Why Can’t Dogs Eat Chocolate
We all know that chocolate is delicious and that most of us can’t get enough of it. But when it comes to our furry friends, why can’t dogs eat chocolate? While it may bring us humans immense joy, chocolate can be extremely toxic for our four-legged friends. In this article, we explore why chocolate is so dangerous for dogs, the symptoms of chocolate toxicity, and what steps pet owners should take if their pet has ingested chocolate.
What Makes Chocolate Toxic to Dogs?
Chocolate contains substances called methylxanthines, most commonly theobromine, which is the active ingredient that makes chocolate poisonous to dogs. Theobromine is a member of the xanthine family, a group of alkaloids that also includes caffeine. Dogs lack the liver enzyme that can break down theobromine, so they cannot metabolize it quickly enough. As a result, theobromine can build up in the body and cause serious health issues.
Symptoms of Chocolate Toxicity
Chocolate toxicity occurs when dogs ingest large amounts of chocolate, typically in the form of cocoa powder, darker Chocolate, and baking chocolate.

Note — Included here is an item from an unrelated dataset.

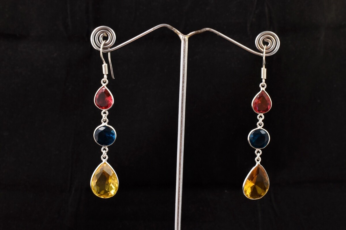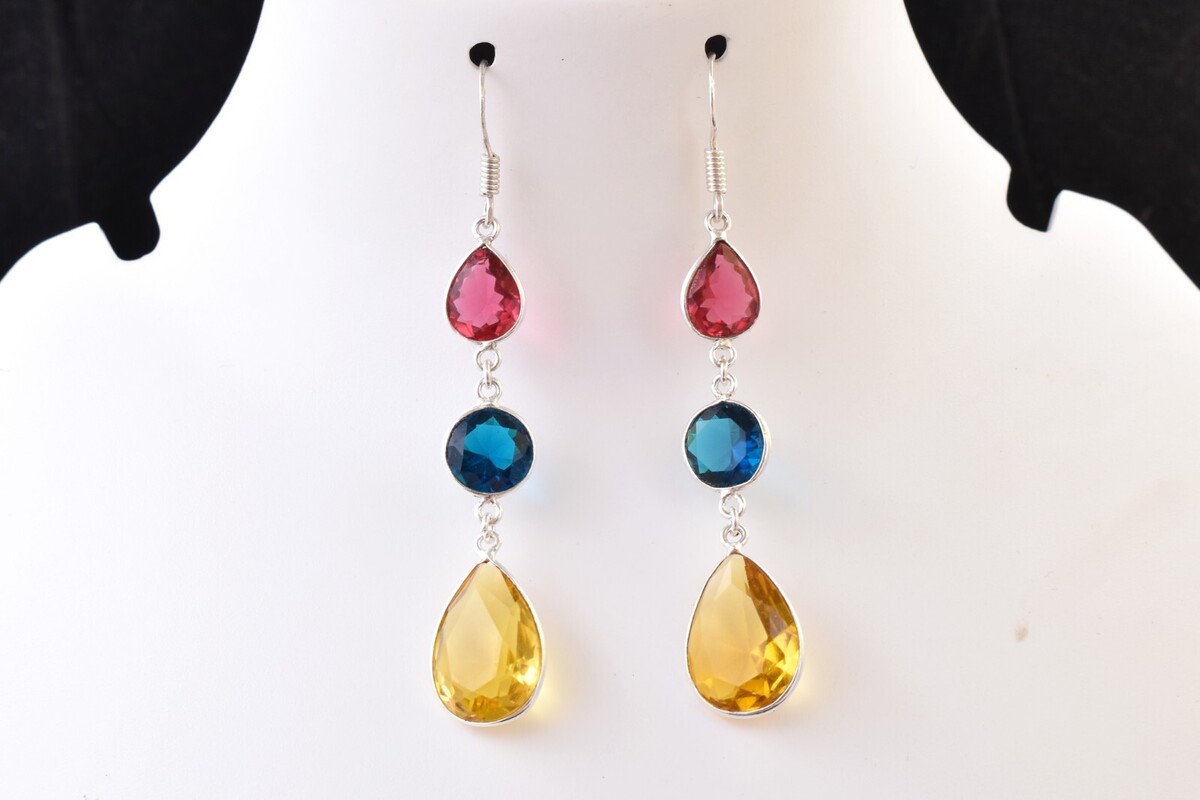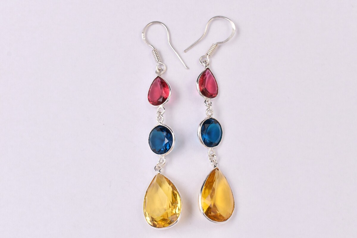 Boucles d'oreilles vintage femme en argent 925 fait main citrine bleu...

The amount of Chocolate that is toxic depends on the size of the dog and the type of chocolate consumed. In addition to the obvious tummy troubles such as vomiting and diarrhea, symptoms of chocolate toxicity can include:
• Increased thirst
• Increased urination
• Excessive panting or drooling
• Elevated heart rate
• Abnormal heart rhythms
• Muscle tremors or twitching
How Much Chocolate is Too Much?
The amount of chocolate that can be toxic for a dog depends on the size of the dog, the type of chocolate, and the amount consumed. All types of chocolate contain theobromine and caffeine, and can be toxic, however, the amount of theobromine in different types of chocolate vary. Baking chocolate contains the highest amount of theobromine, followed by dark chocolate, semi-sweet chocolate, milk chocolate, and white chocolate contains the least amount. Generally speaking, an ounce of baking chocolate can be toxic even for large dogs, whereas an ounce of milk chocolate may be non-toxic for smaller dogs.

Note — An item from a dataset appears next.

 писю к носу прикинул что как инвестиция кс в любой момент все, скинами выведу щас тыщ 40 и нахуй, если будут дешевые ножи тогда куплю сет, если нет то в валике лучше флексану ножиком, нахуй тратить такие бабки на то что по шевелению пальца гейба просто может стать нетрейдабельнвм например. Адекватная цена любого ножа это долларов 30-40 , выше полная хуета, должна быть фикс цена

Treatment for Chocolate Toxicity
If you suspect your pet has ingested chocolate, contact your vet right away. The treatment for Chocolate toxicity usually involves inducing vomiting and administering activated charcoal to absorb any remaining chocolate in the stomach. Your vet may also administer a medication called intravenous dextrose to prevent low blood sugar, and a diuretic to promote urination and excretion of theobromine in the urine. In severe cases, where the heart rate is elevated or there are seizures, your vet may do an ECG to monitor the heart rate and administer drugs to control heart rate and seizures.
Prevention is Always Better Than Treatment
One of the best ways to avoid chocolate toxicity in pets is to keep chocolate out of reach of your pet. Make sure your pet does not have access to any foods or snacks that contain chocolate, and do not feed your pet any foods that may contain chocolate as an ingredient. Store chocolate and all other potentially toxic food and snacks so that your pet cannot get to them. Finally, keep human medications and supplements that may contain chocolate away from pets as well.

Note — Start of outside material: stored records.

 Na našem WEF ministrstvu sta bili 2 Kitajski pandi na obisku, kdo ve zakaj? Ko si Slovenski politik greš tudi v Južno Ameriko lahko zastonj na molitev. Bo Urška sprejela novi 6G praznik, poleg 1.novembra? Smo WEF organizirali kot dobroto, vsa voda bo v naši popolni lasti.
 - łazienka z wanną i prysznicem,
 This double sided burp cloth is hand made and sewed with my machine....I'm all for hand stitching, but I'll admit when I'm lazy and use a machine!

Theobromine and other substances present in chocolate can be toxic to dogs and can cause a number of unpleasant and even dangerous symptoms. Signs of chocolate toxicity include vomiting, agitation, increased thirst, increased urination, seizures, elevated heart rate and abnormal heart rhythms. Pet owners should keep chocolate and other potentially toxic foods, medications, and snacks away from their pets and contact their vet right away if they suspect their pet has ingested chocolate. Prevention is always the best approach with chocolate toxicity, so make sure to keep your furry friends safe and chocolate-free!